== TASK STATEMENT ==
Skip the pictures and return every entry exactly as written.

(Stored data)
╔══

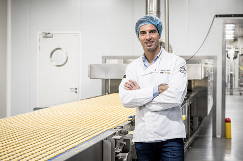Oupeye, Belgium. 2023-11-03. Portrait of Michael Labro, CEO of PM Sweet, specializing in macaroons.
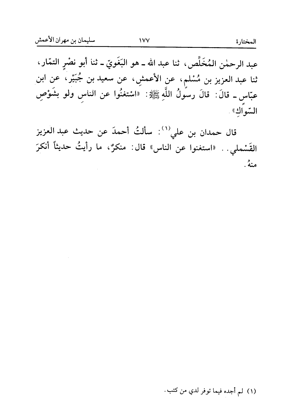 اسْتَغْنُوا عَنِ النَّاسِ وَلَوْ بِشَوْصِ السِّوَاكِ قَالَ حَمْدَانُ بْنُ عَلِيٍّ سَأَلْتُ أَحْمَدَ عَنْ حَدِيثِ عَبْدِ الْعَزِيزِ الْقَسْمَلِيِّ اسْتَغْنُوا عَنِ النَّاسِ قَالَ مُنْكَرٌ مَا رَأَيْتُ حَدِيثًا أَنْكَرَ مِنْهُ
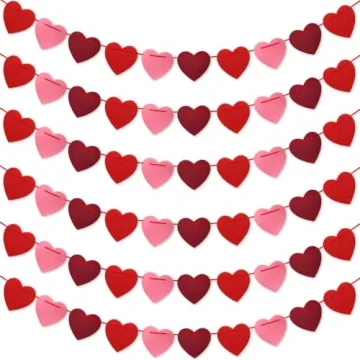 Show moreTransform your Valentine’s celebrations with our beautifully crafted Valentine's Day Decorations. This set features 6 vibrant heart banners, each adorned with 10 charming felt hearts in a delightful assortment of colors: 3 Pink, 3 Wine Red, and 4 Red. With a generous length of 8.2 feet, you can easily hang these delightful garlands anywhere you like. Perfectly pre-strung and easy to set up, these heart banners will add a touch of love and whimsy to your holiday decor without any hassle. Crafted with high-quality felt, these hearts are not only adorable but also durable, ensuring they remain a staple in your decoration stash for years to come.
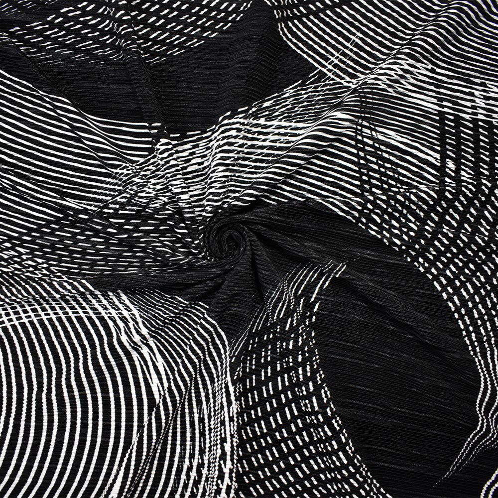 Black-White Poly Stretch Spandex Abstract Print Pleat Interlock Knit Fabric
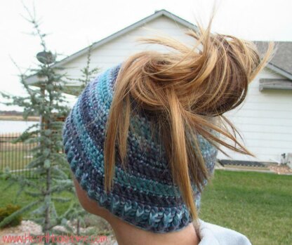 The perfect Messy Bun Beanie, great for moms and young ladies that are looking to add a little pizzazz to their otherwise messy outfit. Heck, this is me 85% of the time, so I had to whip one up myself in order to get the pattern perfect!

╚══

== EXPECTED ANSWER ==
Oupeye, Belgium. 2023-11-03. Portrait of Michael Labro, CEO of PM Sweet, specializing in macaroons.
 اسْتَغْنُوا عَنِ النَّاسِ وَلَوْ بِشَوْصِ السِّوَاكِ قَالَ حَمْدَانُ بْنُ عَلِيٍّ سَأَلْتُ أَحْمَدَ عَنْ حَدِيثِ عَبْدِ الْعَزِيزِ الْقَسْمَلِيِّ اسْتَغْنُوا عَنِ النَّاسِ قَالَ مُنْكَرٌ مَا رَأَيْتُ حَدِيثًا أَنْكَرَ مِنْهُ
 Show moreTransform your Valentine’s celebrations with our beautifully crafted Valentine's Day Decorations. This set features 6 vibrant heart banners, each adorned with 10 charming felt hearts in a delightful assortment of colors: 3 Pink, 3 Wine Red, and 4 Red. With a generous length of 8.2 feet, you can easily hang these delightful garlands anywhere you like. Perfectly pre-strung and easy to set up, these heart banners will add a touch of love and whimsy to your holiday decor without any hassle. Crafted with high-quality felt, these hearts are not only adorable but also durable, ensuring they remain a staple in your decoration stash for years to come.
 Black-White Poly Stretch Spandex Abstract Print Pleat Interlock Knit Fabric
 The perfect Messy Bun Beanie, great for moms and young ladies that are looking to add a little pizzazz to their otherwise messy outfit. Heck, this is me 85% of the time, so I had to whip one up myself in order to get the pattern perfect!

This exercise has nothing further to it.